1,25D3 is thus an important physiological inducer of autophagy, a process that is involved in cell defense against both HIV-1 and M.tb. (Deretic, 2012). Indeed 1,25D3 was found to inhibit both HIV-1 and M.tb multiplication in an autophagy-dependent manner (Campbell and Spector, 2012c; Anandaiah et al., 2013). Inhibition of HIV-1 or M.tb growth by physiological levels of 1,25D3 is dependent on Beclin-1 and ATG5, and this is also the case when macrophages are infected with both pathogens (Campbell and Spector, 2012c). Vitamin D-induced autophagy was also found to rely on cathelicidin to eliminate HIV-1 and M.tb either alone or in coinfection (Campbell and Spector, 2012c).

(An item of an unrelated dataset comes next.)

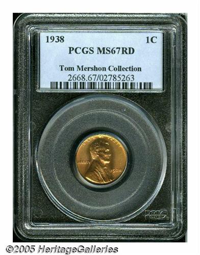 <B>1938<1C> MS67 Red PCGS.</B></I> Almost completely covered in honey-gold patina, this piece is fully lustrous and well struck. A very pleasing Superb Gem example with gobs of eye appeal. None graded higher by NGC or PCGS.<BR><I>From The Tom Mershon #2 All-Time PCGS Registry Set of Lincoln Wheat Cents.</B></I>

The capacity of vitamin D to induce autophagy and inhibit the growth of HIV-1 and M.tb has been reviewed in detail elsewhere (Jo, 2010; Campbell and Spector, 2012a). Although supplementation of vitamin D led to contrasting results it seems clear that a normal level of this vitamin helps the immune system to fight several type of bacterial and viral infections (Borella et al., 2014).

Here, we have gathered compelling published data that reveal the major functions and regulation mechanisms of autophagy in HIV and M.tb infections. However, despite considerable progress, our understanding of autophagy in these deadly infections remains largely incomplete. An in-depth comprehension of the intricate interplay between HIV, M.tb and autophagy, both in vitro and in vivo, will undoubtedly unveil novel strategies employed by pathogens to subvert this pathway. Furthermore, this research avenue could also lead to improved knowledge of the autophagy pathway itself and to innovative tools for autophagy manipulation, as it was recently achieved with Nef-Beclin-1 interaction (Kyei et al., 2009; Shoji-Kawata et al., 2013). Although several challenges have to be overcome, in particular the multiple and complexes roles of autophagy in infection and cellular homeostasis, autophagy manipulation holds great potentials for future development of new or improved vaccines and therapies for infectious diseases (Espert et al., 2006; Kyei et al., 2009; Rubinsztein et al., 2012; Mostowy, 2013; Levine et al., 2015; Wallis and Hafner, 2015).